What is the difference between float, _Float32, _Float32x, and _Float32_t?

921 Views Asked by At

C23 introduced a number of floating point types, including but not limited to:

  • _Float32
  • _Float32x
  • _Float32_t

I am unsure of the differences, such as:

  • Are they keywords, or are they type aliases, or something else?
  • Are they distinct types, or can they be aliases for float?
  • What is the minimum range and precision of these types?
  • Are they required to be IEEE-754-compliant (or IEC 60559)?
  • Is float obsoleted by _Float32 or other types?
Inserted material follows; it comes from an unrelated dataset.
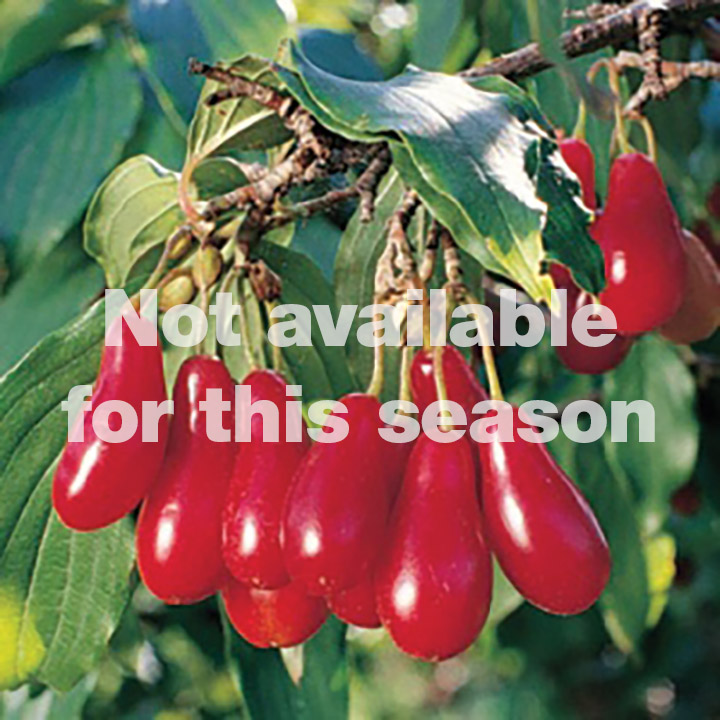 This is not a true cherry, belonging rather to the dogwood family. Elongated fire engine red fruits are considerably more tart than regular sour cherries, but can be used for sauces, preserves and syrups, or left for the birds to enjoy. The tree itself offers visual appeal throughout the seasons. Masses of golden yellow blossoms swath the branches for several weeks in early spring followed by satiny green leaves and the striking, glossy red fruit. This large shrub or low branched tree adapts easily to a wide range of conditions and can grow to 3 to 6 meters (10 or 20') depending on soil type or whether in shade or a sunny site.

The same questions apply to _Float64 vs double, and _Float128 vs long double.

1

There are 1 best solutions below

0
On BEST ANSWER

Only _FloatN_t types (e.g. _Float32_t) are aliases from the <math.h> header. All the other types are required to be distinct, and their names are keywords. (See H.5.1 [Keywords])

All of the types fall into one of four categories (see below). Choose between them as follows:

  • float, double, and long double, if you are satisfied with the very lenient requirements of these types
    • alternatively, check whether __STDC_IEC_60559_BFP__ is defined, which makes them stricter
    • also, use float and double if you are okay with them being the same type1)
    • also, you must use these types for compatibility with pre-C23 compilers
  • _FloatN if you need a specific IEC 60559 type with exactly N bits
  • _FloatNx if you need an extended IEC 60559 type with minimum N precision
    • especially if you want to store N-bit integers in a floating-point number with no loss
  • _FloatN_t if you don't need IEC 60559 types, and you are not satisfied with the minimum requirements for float and double

1) On architectures without a double-precision FPU, float and double might be the same size (e.g. Arduino). Use other types (e.g. _Float64_t over double) if you want software emulation of double-precision instead.

Standard floating types

float, double, and long double are collectively called standard floating types. Their representation is implementation-defined, but there are some requirements nonetheless:

  • double must be able to represent any float, and long double must represent any double
  • if __STDC_IEC_60559_BFP__ is defined, float and double are represented like _Float32 and _Float64
  • they must be able to represent some amount of decimal digits with no loss, and have a minimum/maximum value
Type Minimum Decimal Digits Minimum Maximum
float FLT_DECIMAL_DIG ≥ 6 FLT_MIN ≤ 10-37 FLT_MAX ≥ 1037
double DBL_DECIMAL_DIG ≥ 10 DBL_MIN ≤ 10-37 DBL_MAX ≥ 1037
long double LDBL_DECIMAL_DIG ≥ 10 LDBL_MIN ≤ 10-37 LDBL_MAX ≥ 1037

Usually, float and double are binary32 and binary64 types respectively, and long double is binary128, an x87 80-bit extended floating-point number, or represented same as double.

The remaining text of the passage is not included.